Sophie Weisskoff

Works by Sophie Weisskoff:

BRAINSMASH
ENDA AND OONA
RESOURCE ROOM
QUEEN OF SOCK PAIRING
MILLENNIAL TRASH

Synopses:

brainsmash – When Maisie, a young writer, gets a traumatic brain injury, her relationships and professional life suddenly come under threat. She rehabilitates her vision and tries to write using accommodative technologies, but in an ableist world, will any of it be enough? A sensory-friendly exploration of prolonged concussion.

Enda and Oona – Cherry is thrilled to be apprenticing under a cutthroat cupcake-baking duo, but, as tensions build between the couple, she finds herself caught in the middle. A language-y romp about exploitation, the myth of closure, and the simultaneous seriousness and frivolity of making things. 
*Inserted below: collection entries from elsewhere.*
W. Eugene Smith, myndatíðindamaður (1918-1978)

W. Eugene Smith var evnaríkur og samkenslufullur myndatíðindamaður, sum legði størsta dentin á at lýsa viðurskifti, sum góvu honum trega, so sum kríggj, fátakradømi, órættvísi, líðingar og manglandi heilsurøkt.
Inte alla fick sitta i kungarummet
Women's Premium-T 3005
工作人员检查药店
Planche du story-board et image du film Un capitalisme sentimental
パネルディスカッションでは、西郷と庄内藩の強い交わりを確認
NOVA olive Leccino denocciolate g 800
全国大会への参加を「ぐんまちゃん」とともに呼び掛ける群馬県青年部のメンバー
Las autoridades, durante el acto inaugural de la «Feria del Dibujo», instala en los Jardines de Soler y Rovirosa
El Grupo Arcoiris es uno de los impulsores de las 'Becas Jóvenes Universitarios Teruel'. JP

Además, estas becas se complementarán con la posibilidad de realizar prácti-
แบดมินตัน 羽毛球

Resource Room – Teachers at a middle school in Manhattan weave through the resource room, moving through micro-dramas. A sad-funny play about learning.   
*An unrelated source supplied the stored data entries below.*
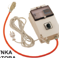
SKRZYŃKA REGULATORA TEMPERATURY
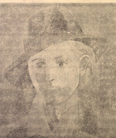
AURELIAN DINULESCU: „Tonia” (ulei)
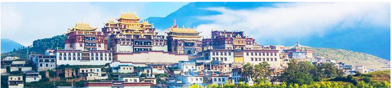
เมืองโบราณเซงกรี่ล่า

จากนั้นนำท่านชม หมู่บ้านซีโจวหรือหมู่บ้านชาวไป่ ชนพื้นเมืองที่สำคัญของเมือง ชมการแสดงของชนชาติปายพร้อมชิมชาสามแก้ว เพื่อรำลึกถึงวิถีชีวิตและการเกิดมาเป็นมนุษย์ของตนเอง ซึ่งถือเป็นเอกลักษณ์ของชนชาวไป่ ที่หาดูได้ยาก
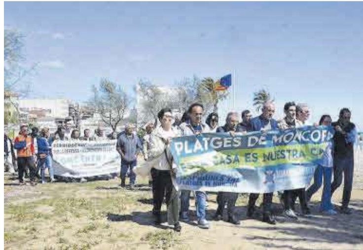
Las autoridades municipales encabezaron la reivindicación en la playa.

P aralizar los derribos y construir los espigones necesarios para proteger la costa de Moncofa y la Plana Baixa. Esa es la reivindicación por la que decenas de personas se manifestaron el 30 de marzo en una movilización convocada en la playa del municipio bajo el lema Esta casa es nuestra casa , como respuesta al plazo de dos meses que el servicio provincial de Costas del Ministerio para la Transición Ecológica ha dado a los propietarios de una vivienda para abandonarla y derribarla.
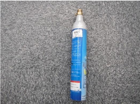
ふじみ野市 炭酸ガスボンベ 2月9日
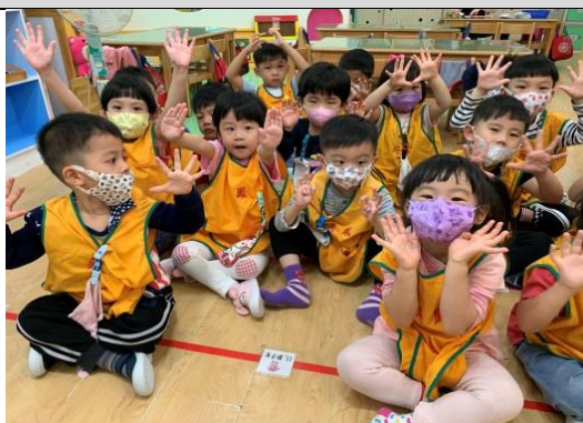
照片說明：熟似我的手 拍攝日期：109 年 4 月 1 日
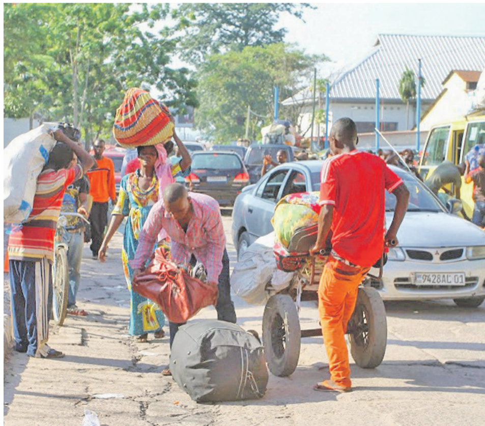
Quelques refoulés de Brazzaville faisant leurs valises

Une opération totalement prise en charge par le gouvernement qui attend, par ailleurs, une autre vague des expulsés dans les prochaines semaines. Les cinquante-six expulsés en instance de réinsertion sociale constituent la première vague d'une série d'arrivées de ces compatriotes attendus au Katanga au moment où le site de Maluku à Kinshasa est en passe de fermer ses portes. Notons qu'environ 130.000 ressortissants de la RDC ont été expulsés du Congo-Brazzaville depuis le début de l'opération « Mbata ya bakolo », à en croire les derniers chiffres avancés en mai dernier par l'ambassadeur de l'Union européenne, Michel Dumont.

Queen of Sock Pairing – Feeling unheard both at her babysitting job and in her relationship, Celia initiates a new game with her much older boyfriend. A playabout learning through imitation, and speaking the truth while playing pretend

millennial trash – Simon is building a map app, Riley is scared of throwing up, and May is obsessed with her pet. A short play about adjusting badly to life after college. 

Bio:

Sophie Weisskoff is a disabled playwright based in Brooklyn. Her work sources from autobiography and aims to prompt nuanced self-reflection and uncomfortable-yet-connective conversations. She returns to themes of kink, shame, access, and bad behavior.
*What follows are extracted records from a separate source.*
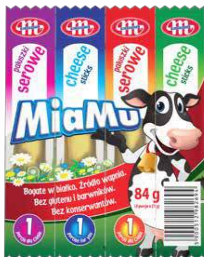
Paluszki serowe 84 g Cheese sticks 84 g Сырные палочки 84 г

The offer is complemented by cheese sticks with black potatoes and smoked cheese sticks.
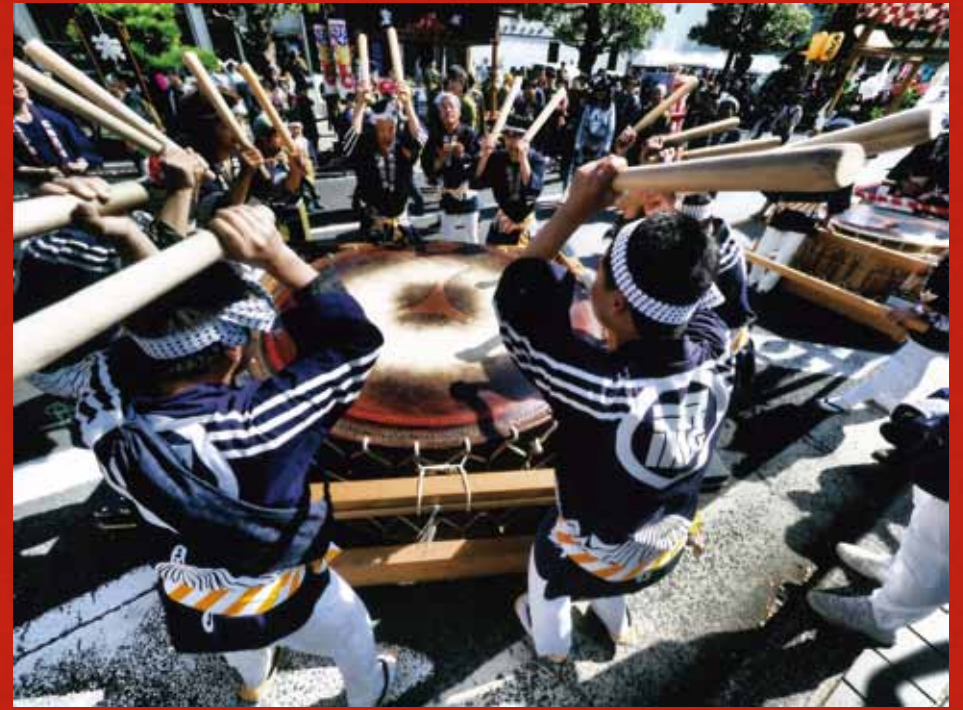
平成30年最優秀賞作品『一斉』 藤江松男
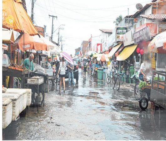
Figura 5 – Esgoto invadindo a área comercial.
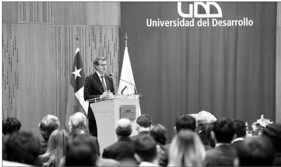
Alberto Núñez Feijóo, durante la conferencia que pronunció en la Universidad del Desarrollo de Santiago de Chile.

Explica que la estabilidad política “no guarda parentesco con la quietud o la inmovilidad” sino que “garantiza cambios que van más allá de lo superficial”. “Un auto

Her plays include brainsmash (commissioned, developed and produced by The Hearth); Enda and Oona (Great Plains Theater Conference Selection, Leah Ryan’s FEWW Prize Honorable Mention; O’Neill Semi-Finalist); and Queen of Sock Pairing (produced by Red Tape Theatre). She was a dramaturg and contributing writer on Peter Mills Weiss and Julia Mounsey’s piece [50/50] old school animation (Under The Radar, INCOMING! JACK). She also writes fiction and essays, which have been published in New York Magazine and The Virginia Quarterly Review. MFA: Brooklyn College.